Roundly jeered on their home turf, the England national team were in the doldrums after an abject Rugby World Cup last November, failing to advance beyond the group stage.
Since then, however, they have enjoyed a sharp upturn in form under new coach Eddie Jones, and achieved a coveted Grand Slam in the recent Six Nations Championships, beating Ireland, Scotland, France, Wales and Italy.
While this has sparked talk that they could be among rugby's elite again very soon, one of their greatest adversaries - former Australia national captain George Gregan - has insisted that it is still early days to label the Red Roses as genuine world competitors.
The 42-year-old, who was in town for last weekend's HSBC Singapore Sevens as a HSBC ambassador, said: "They are improving, that's for sure. I don't mean to downgrade the Six Nations, but all four semi-finalists in the World Cup last year - South Africa, Australia, New Zealand and Argentina - belonged to the southern hemisphere."
Gregan believes that the upcoming three-Test series in June, against his native Australia, will represent the perfect opportunity for England to make a statement.

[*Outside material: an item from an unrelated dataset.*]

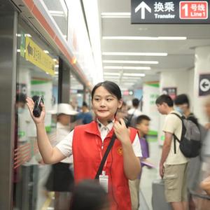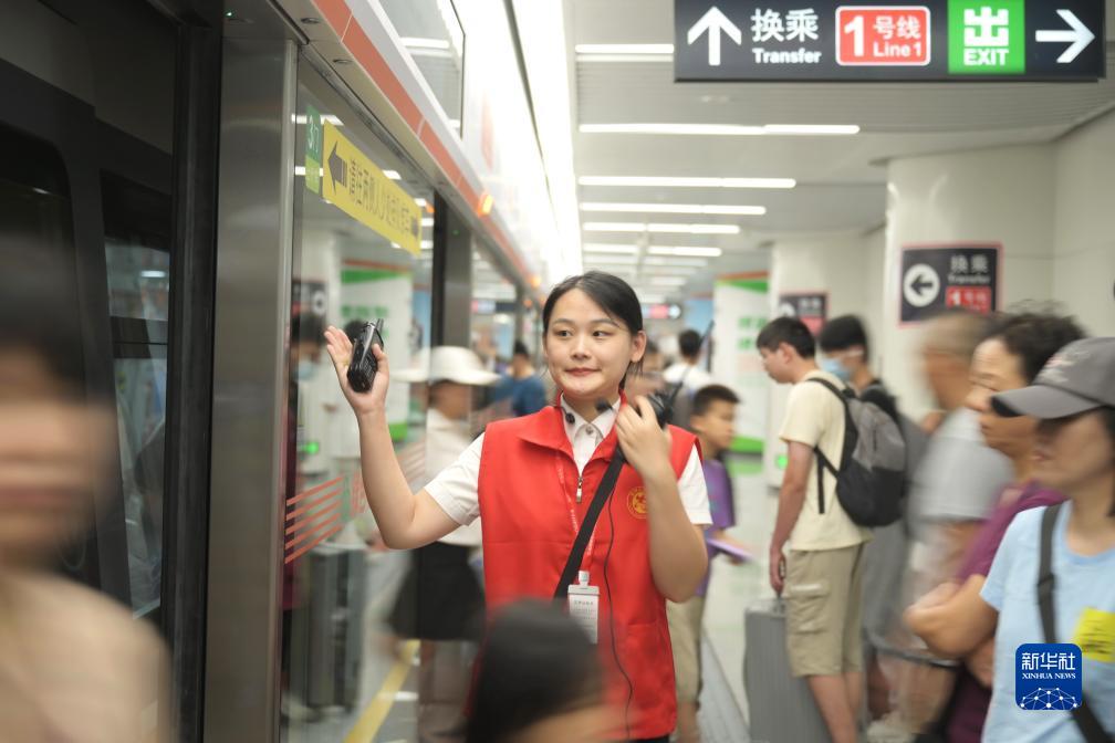 8月27日,工作人員在福州東街口站1號線與4號環線換乘處值班。

He said: "When you improve, you want to test yourself and play against better teams and see where you're at. I think this tour will bring the best out of this England team, to see where they're truly at."
He also credited his countryman Jones as a key reason for England's quick turnaround.
Jones, who was in charge of the Japan team who shocked South Africa at last year's World Cup, took over the reins from Stuart Lancaster when the latter resigned after England's poor tournament.
Said Gregan, who was coached by Jones during his time with the Wallabies, said: "He knows how to get players in the best possible condition physically and mentally, to compete at a consistent level.
"He's a very special coach, he knows how to win, identifies talent and brings on young players."
He picked out young lock Maro Itoje, who made his full England debut in the Six Nations match against Ireland, as one player who has benefited from Jones' willingness to give his young charges a chance to shine.
Gregan, who owns a coffee-shop business (GG's Espresso), added: "As a player you want to improve, but it's up to the coaches to give you the tools and environment to get better, and (Jones) is one of these coaches."
Though he acknowledges that England, with their new coach and up-and-coming players, are on the right track, Gregan believes they have to keep the momentum going after their Six Nations win.
He said: "Australia were in the final of the World Cup, but that was in November, it's a long time ago. You can't say for sure who is the No. 2 team in the world right now, after New Zealand.
"What you love about a very good team like New Zealand is that they'll play any game at the highest level.
"But if they're a bit off… all of a sudden you have a contest. That's the beauty of sport. England can't afford to rest on their laurels."